I see the Male Testosterone Hormones runneth over (making quite a mess on the ENBoard.)

  Let me try some lines:

  A pleasure meeting you, Lady Fair.

  Would you care to dance, Gentle Lady?

  Would you enjoy a drink of feywine, Lady?

  Lady, would you like a piece of the innkeeper's delectable pie?

  I see before me a very beautiful girl.

  It would be an honor to make your acquaintance, Lady.

  Lady, it is a pleasure to meet you and your friends.

  It is really nice, to meet you, Lady.


----------



## Friadoc (Jul 14, 2002)

Hehe,

...well it depends on your class, pun not intended.

Fighter:
(To a prostitute)
I've got a silver piece if you've got 10 rounds - 

Rogue:
(Looking over his shoulder, while talking to a merchant's daughter)
I was reminded of your fiery locks my dearest when my eyes caught the twinkle of this gem.
I knew it must be...
(His head snaps around as guards start to pour into the courtyard)
...shoved into my pocket...
(he steals a quick kiss upon her cheek)
...as I run for the wall and jump!


----------



## alsih2o (Jul 15, 2002)

and edena of neith lays waste to all of us!!! ouch!


----------



## Hatchling Dragon (Jul 15, 2002)

Peter said:
			
		

> *One that was actually used in my game:
> 
> "Hey baby, your'e kind of short.. you got any gnome in you?"
> 
> ...




If you were under my DM'age this line would also probably be in *this* thread as well... 
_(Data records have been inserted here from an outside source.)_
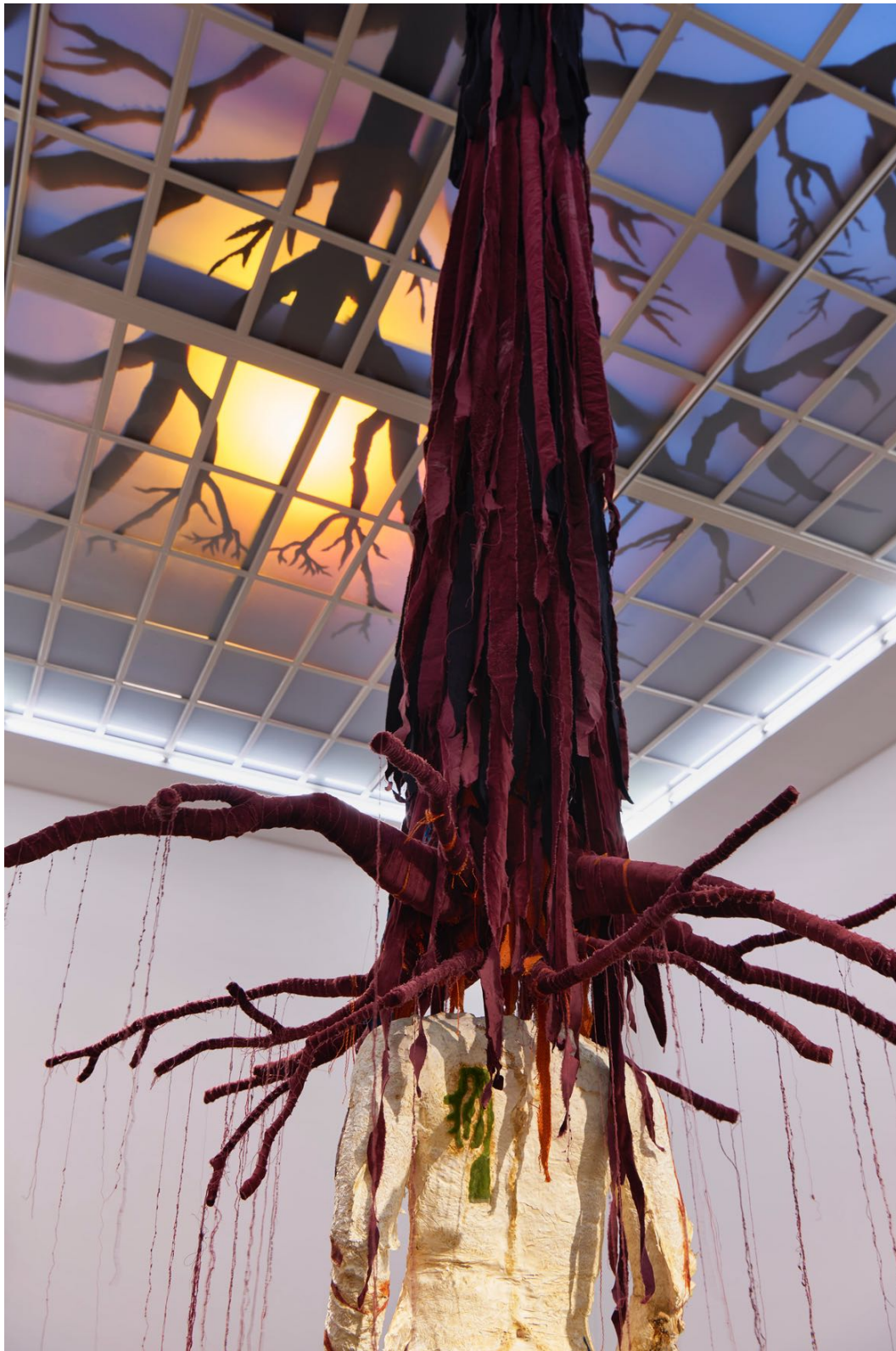
Installationsansicht, Pedro Wirz, Environmental Hangover , Kunsthalle Basel, 2022, Blick auf Chapéu Telúrico , 2022. Installation view, Pedro Wirz, Environmental Hangover , Kunsthalle Basel, 2022, view on Chapéu Telúrico , 2022.

Pressebilder / Press Images Download-Link: kunsthallebasel.ch/presse/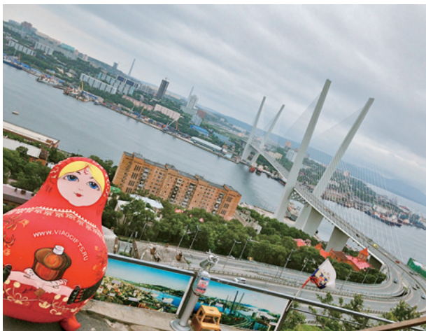
展望台から眺めるウラジオストク

ロシアといっても日本から飛行機で約2時間で行けるウラジオストク。その極東での3週間のサマースクールに参加しました。私は政治コースを選択したので、1限はロシア語、2・3限は国際政治の授業でした。ロシア語の授業では会話を中心に、政治の授業では主にロシアや日本、中国等の極東アジアの政情や国際関係について英語で学びました。授業内容は少し難しかったのですが、北朝鮮の核開発停止に向けた六カ国協議のシミュレーションを行ったりと、とても興味深いものでした。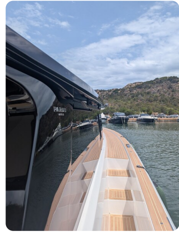
Pardo GT52 sideway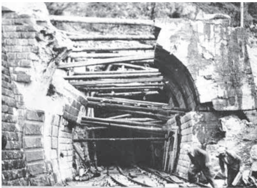
Zničený tunel.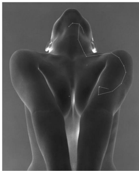
“Scorpius” © Pierre Radisic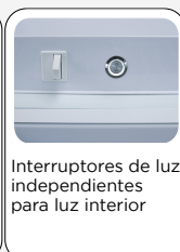
Interruptores de luz independientes para luz interior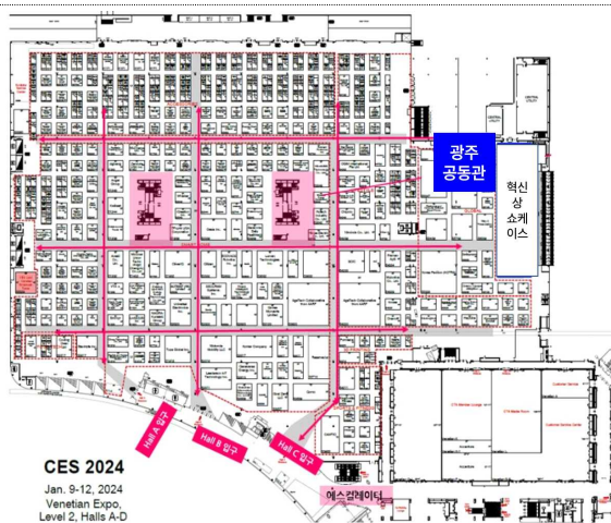
광주공동관(2024) * 베네시안 엑스포 2층, Hall D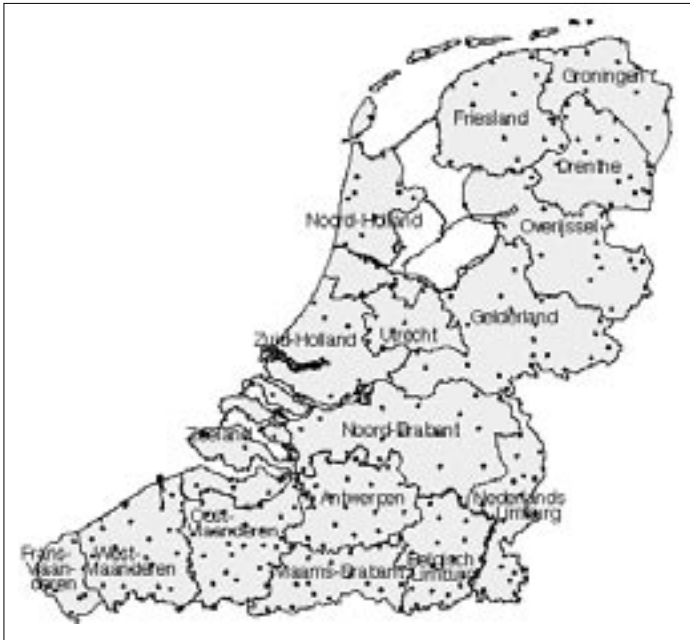
Afbeelding 1: De onderzochte dialecten in het Nederlandse taalgebied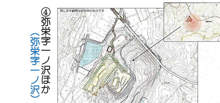
④ 弥栄字一ノ沢ほか (弥栄字一ノ沢)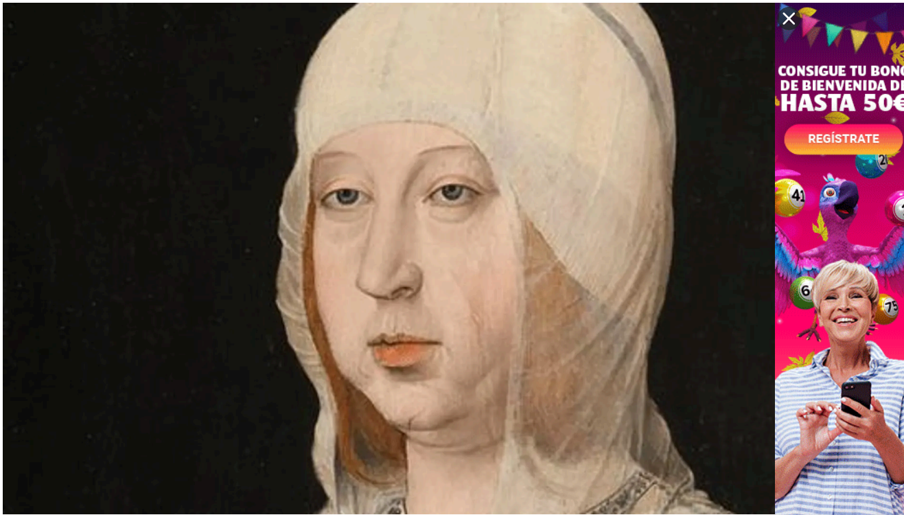
▲ Isabel la Católica, retrato de Juan de Flandes larazon / Isabel la Católica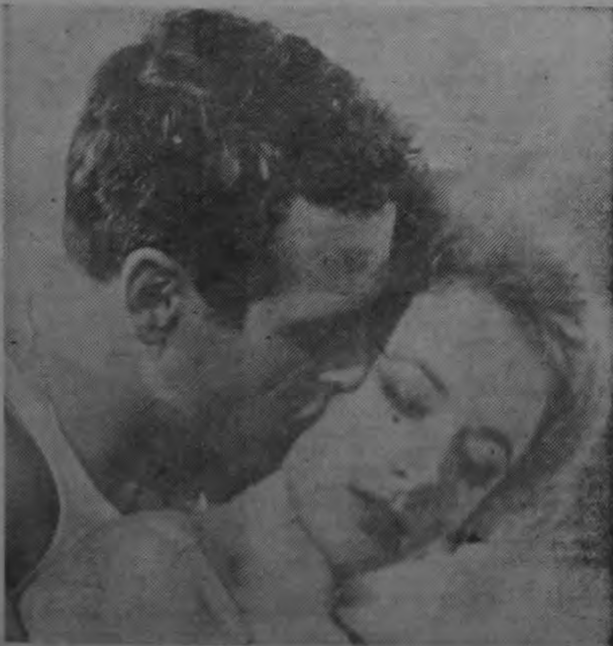
PAUL NEWMAN alcanzó la cumbre de la popularidad y recibió su "Globo" con todos los honores.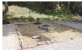
護摩壇（5.3m四方の石垣の中に直径1.4mの丸い石組）

現在の護摩壇は、安政4年（1857）にかつて境内にあった「大棟梁権現社」拜殿跡の上に造られたと考えられている。護摩壇正面には不動明王の石像が祀られている。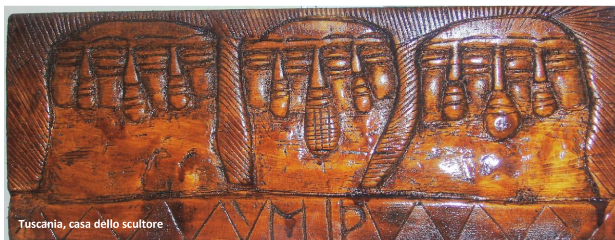
Toscana, casa dello scultore

Si è fatto veramente tardi e ci aspetta un lungo viaggio. Salutiamo e ringraziamo gli amici ritrovati dopo oltre 40 anni e facciamo ritorno a casa.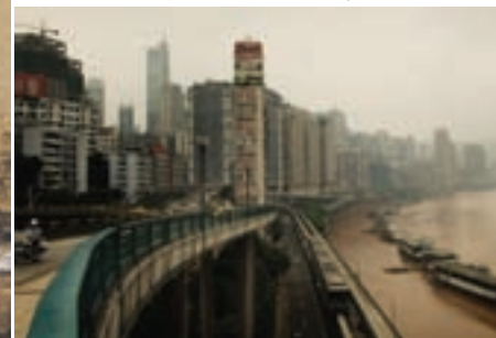
Muelles de Shanghai (China).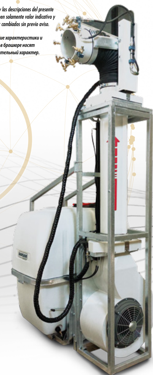
TURBO POLI 45 FLEX PIRALIDE 440 - 630 - 830 - 1100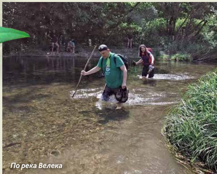
По река Велека

В същото време на площада в селото се виеха хора и се лееше странджанска музика. В по-късните сле- добедни часове се проведеха игри за най-малките по методите на горската педагогика и състезание „Мама, татко и аз“, като гостите се наслаждаваха на продук- цията на местните производители. Вечерта беше за- пален фестивалният огън, последва вечеря под звез-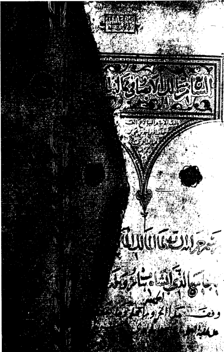
صفحة العنوان - مخطوطة أحمد الثالث - طوبقو سراي - استانبول - رقم ٢٧٩٧

And Something Positive is _so_ funny, in a sick 'n twisted way.  

Hatchling Dragon


----------



## Wikidogre (Jul 15, 2002)

Fighter- Will you be my scabbard?
Druid- Wanna touch my special pet?
Monk- Give me a chance and ill Stun you with something alright!
Cleric- Wanna see my holy symbol?


----------



## DM with a vengence (Jul 15, 2002)

"Hey baby, I deal double damage with my lance when mounted."
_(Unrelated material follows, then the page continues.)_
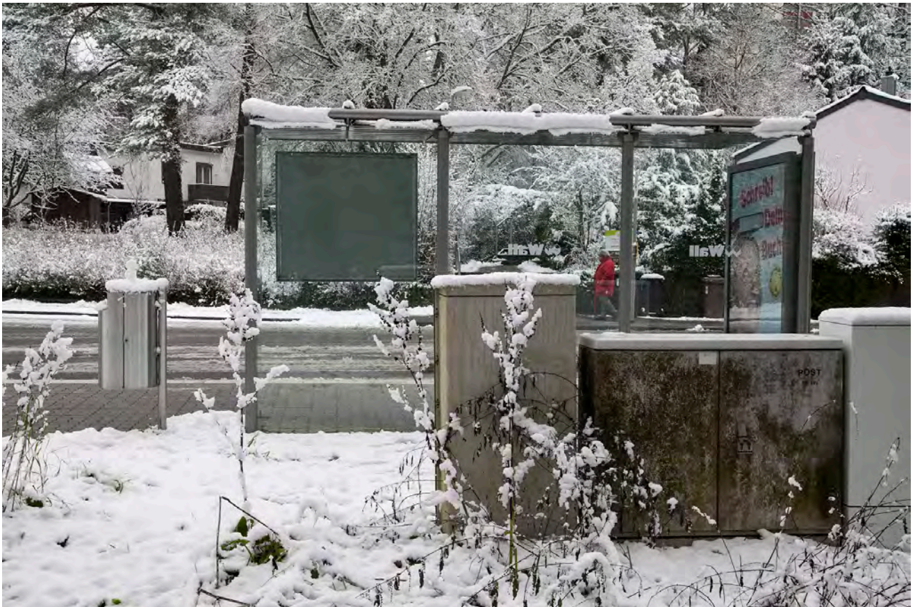
Aux Sources – Kaiserslautern, Allemagne, 2015-2018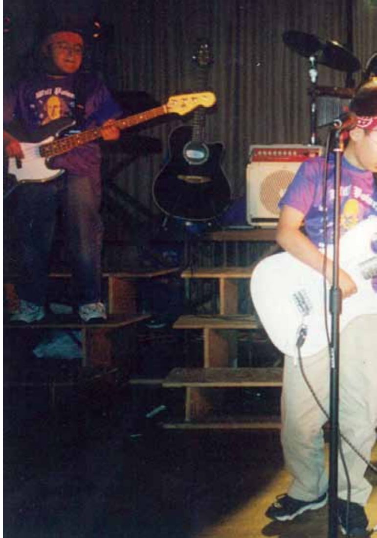
นักร้องรุ่นเยาว์เขย่าอารมณ์ผู้ชม และสร้างสีสันให้กับละครของเทศบาลเป็ยร์

"Whoa! Is it you or did I just mislabel that Potion of Love as Cure Light Wounds."

And the classic.  "Whadduyu mean no?  After rescuing you from the dragon don't I get any reward?"

"Are you a sorcerer, cause I think you just cast Charm Person on me."

"I have a two-handed weapon.... IN MY PANTS!"

"You just _Raised_ something... IN MY PANTS!"

"I know how to find exactly the right spot, xd6 of exactly the right spot."

"I have read the Gnomish Kama Sutra."


----------



## Doug Justice (Jul 15, 2002)

Medusa talking to an intruder:

"Do you have a mirror in your pocket? Because I can see myself in your pants."



Doug


----------



## Friadoc (Jul 15, 2002)

Jack Haggerty said:
			
		

> *Something Positive*




For the record Jack,

...I am now addicted to yet another on-line comic - not a complaint, just a statement of the sheer volume of 'geek time' my life has turned into as of late.

 But it's all good.


----------



## William Ronald (Jul 15, 2002)

Getting serious (my earlier post was meant tongue-in-cheek), here are a few lines that could work well in your campaign.  (Edena of Neith's were quite good and classy.)

"Yes, my lady, you are beautiful.  However, what impresses me most is your brave spirit and keen mind.  May I speak with you for a while?" (Especially useful if you know something about the other person.)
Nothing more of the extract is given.